Tuesday, December 31, 2019

SSH Timeout Across a Firewall

SSH Timeout Across a Firewall

Abstract:

Firewalls represent a "choke point" between a Data Center and The Internet. The function of the Firewall is to protect the Data Center from unauthorized & malicious access. This "choke point" also typically terminate socket connections which have been idle for extended periods of time, to reduce unnecessary connections which need to be statefully inspected. This termination of idle sockets will sometimes stop the normal functioning of administrative sessions over SSH where longer running interactive jobs (i.e. backups, software installs, manual data loads, etc.) and corrupt databases. KeepAlive functionality in SSH can be engaged to inhibit this behavior.

What is the Error?

When a firewall terminates the connection, the client connecting to the Solaris Server in the remote Data Center may exhibit the following error message:

Received disconnect from 153.74.10.10: 2: Timeout, your session not responding.

And the connection is terminated.

In an outsourced Data Center environment, a controlling TTY over SSH connection was being terminated, when idle for 10 minutes, while manually running an interactive backup script (which produced no output to the controlling TTY over an SSH during the copy of a significant quantity of data across a WAN connection.)

What is a KeepAlive?

A KeepAlive packet is normally a 0 byte packet, sent along an open SSH session, on a regular interval, to keep a firewall from assuming the connection is idle, during longer periods of non-interactivity.

Even though it is a null byte packet, that does not add any additional data to the text sent or received by the application, the additional null byte packet has headers which are seen by the firewall, and keep the firewall from terminating the session because no traffic was seen.
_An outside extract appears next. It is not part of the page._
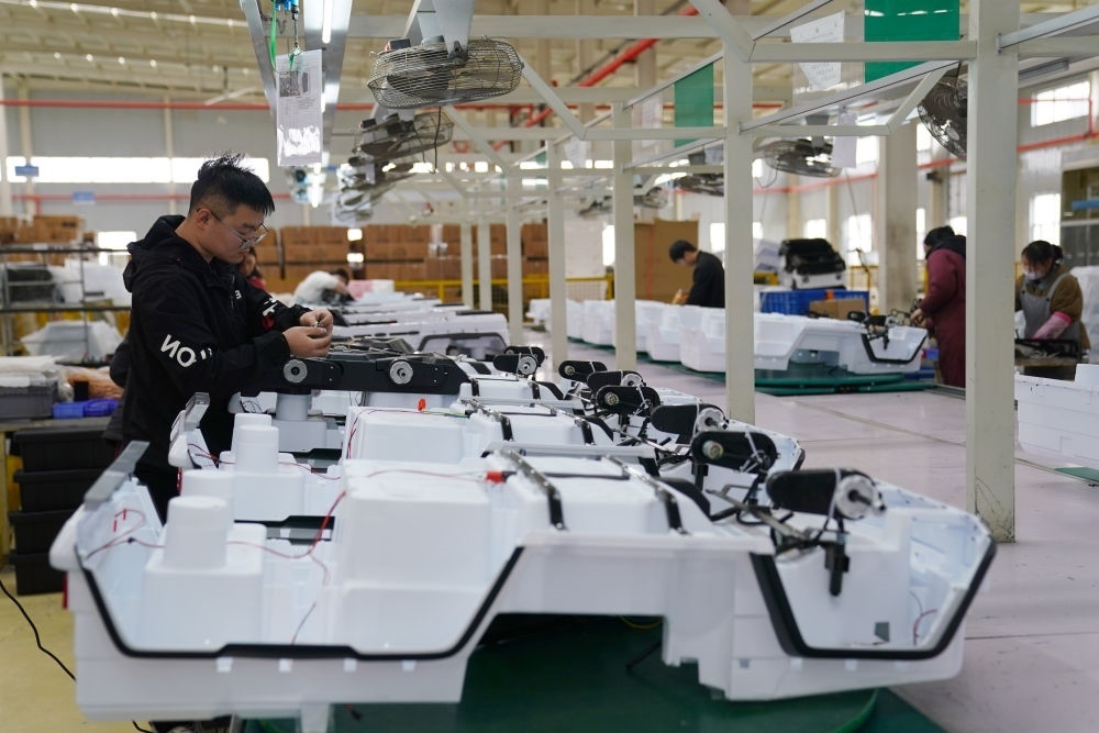 3月16日,工人在河北省邢臺(tái)經(jīng)濟(jì)開發(fā)區(qū)一家外貿(mào)企業(yè)生產(chǎn)車間組裝童車產(chǎn)品。新華社記者 駱學(xué)峰 攝

How to Configure KeepAlive

Under Solaris 11.3, there is a system-wide configuration file which can be updated, on the server receiving the connections. By default, KeepAlive functionality is disabled under Solaris 11.3

SUN0101/root# egrep '(KeepAlive|ClientAlive)' /etc/ssh/sshd_config
# KeepAlive specifies whether keep alive messages are sent to the client.
#KeepAlive yes
ClientAliveCountMax 0
ClientAliveInterval 600


The following adjustment will enable KeepAlives to be sent every 120 seconds, while forcing a disconnection after 240 seconds, without responses (so the firewall is always getting data, and a truly idle connection will beterminated by SSH server, instead.)

SUN0101/root# egrep '(KeepAlive|ClientAlive)' /etc/ssh/sshd_config
KeepAlive yes
ClientAliveCountMax 2
ClientAliveInterval 120


A backup should be done to the original file, in case it needs to be rolled back.
Console access to the system will be needed, to perform the roll back, if ssh is mis-configured.

How to Enable KeepAlive

Changing the configuration file will not enable changes for new sessions, nor make changes to open sessions. If you wish to enable the change for new sessions, refresh the config through the services.

SUN0101/root# svcs ssh
STATE          STIME    FMRI                    .
online         May_03   svc:/network/ssh:default


SUN0101/root# svcadm refresh svc:/network/ssh:default


Any existing ssh sessions will be timed out by the firewall, within the configured limit.
Any new ssh session will not be timed out by the firewall, with the keep alive enabled.
Any new ssh session, which goes into an abnormal state where the client does not respond, will be terminated by the SSH service, in 2 minutes.

Conclusions

Network Management of Solaris Systems in Cloud based Data Centers is still quite usable, when firewalls are deployed by Cloud Providers and clean up idle connections.  These types of environments have long been used in mission critical arenas, with secured servers residing in DMZ's and ISZ's - so a remote data center with a perimeter firewall is just "old hat".